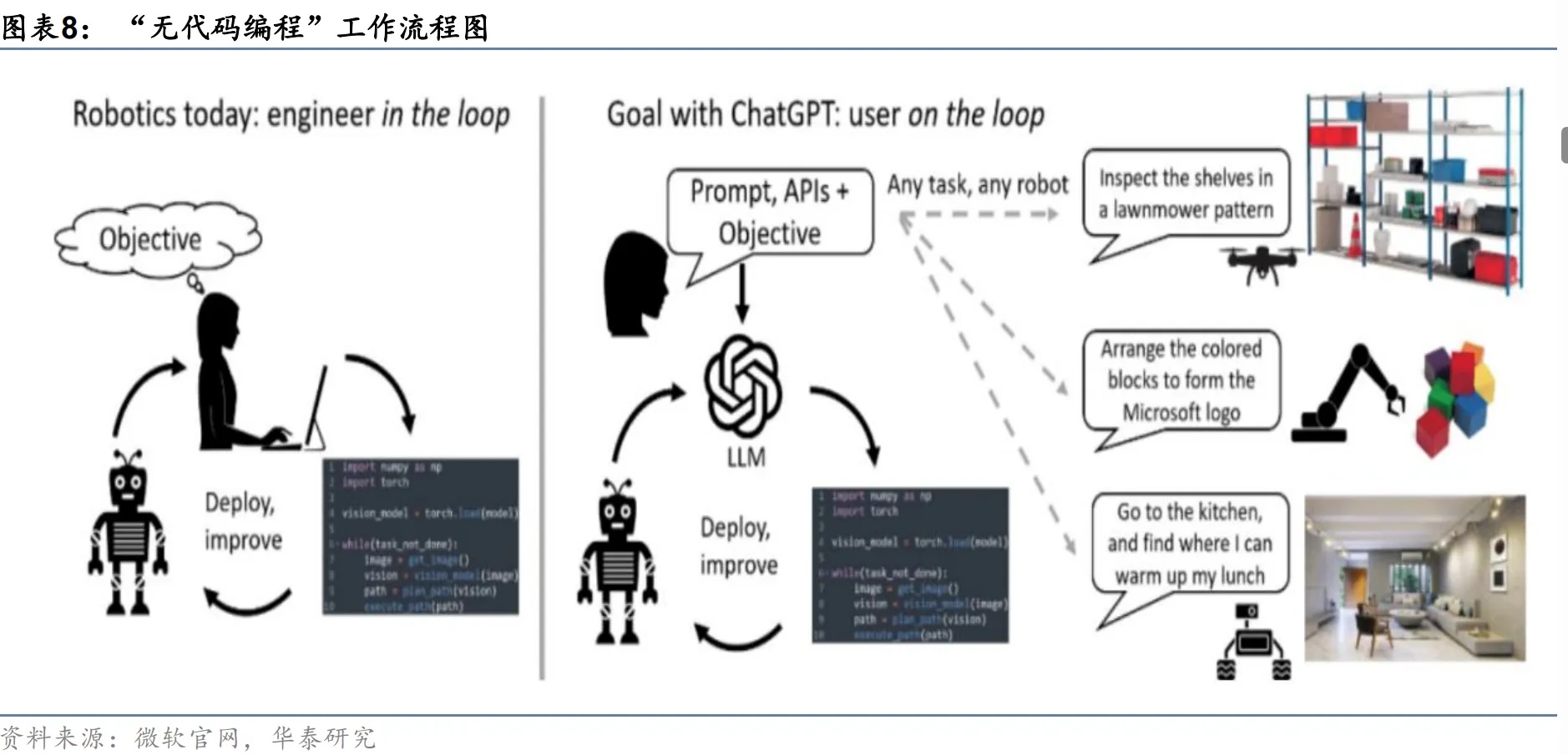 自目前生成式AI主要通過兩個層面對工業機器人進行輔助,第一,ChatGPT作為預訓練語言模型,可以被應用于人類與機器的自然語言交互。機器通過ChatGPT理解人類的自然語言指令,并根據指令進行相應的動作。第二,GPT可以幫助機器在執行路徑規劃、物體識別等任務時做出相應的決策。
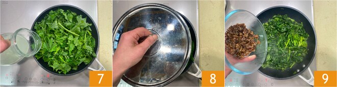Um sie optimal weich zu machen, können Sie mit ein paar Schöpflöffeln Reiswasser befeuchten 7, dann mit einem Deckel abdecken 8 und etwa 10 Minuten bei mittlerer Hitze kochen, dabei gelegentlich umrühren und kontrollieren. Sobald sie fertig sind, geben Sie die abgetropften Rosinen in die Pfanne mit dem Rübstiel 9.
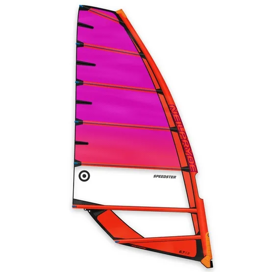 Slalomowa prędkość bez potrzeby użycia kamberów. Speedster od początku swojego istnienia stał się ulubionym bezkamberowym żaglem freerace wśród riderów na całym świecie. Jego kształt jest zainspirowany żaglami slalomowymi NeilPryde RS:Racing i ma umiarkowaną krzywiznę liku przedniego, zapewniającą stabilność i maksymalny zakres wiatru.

#### Task prompt
Without any pictures, repeat the listing exactly.

#### Result below
 自目前生成式AI主要通過兩個層面對工業機器人進行輔助,第一,ChatGPT作為預訓練語言模型,可以被應用于人類與機器的自然語言交互。機器通過ChatGPT理解人類的自然語言指令,并根據指令進行相應的動作。第二,GPT可以幫助機器在執行路徑規劃、物體識別等任務時做出相應的決策。
Um sie optimal weich zu machen, können Sie mit ein paar Schöpflöffeln Reiswasser befeuchten 7, dann mit einem Deckel abdecken 8 und etwa 10 Minuten bei mittlerer Hitze kochen, dabei gelegentlich umrühren und kontrollieren. Sobald sie fertig sind, geben Sie die abgetropften Rosinen in die Pfanne mit dem Rübstiel 9.
 Slalomowa prędkość bez potrzeby użycia kamberów. Speedster od początku swojego istnienia stał się ulubionym bezkamberowym żaglem freerace wśród riderów na całym świecie. Jego kształt jest zainspirowany żaglami slalomowymi NeilPryde RS:Racing i ma umiarkowaną krzywiznę liku przedniego, zapewniającą stabilność i maksymalny zakres wiatru.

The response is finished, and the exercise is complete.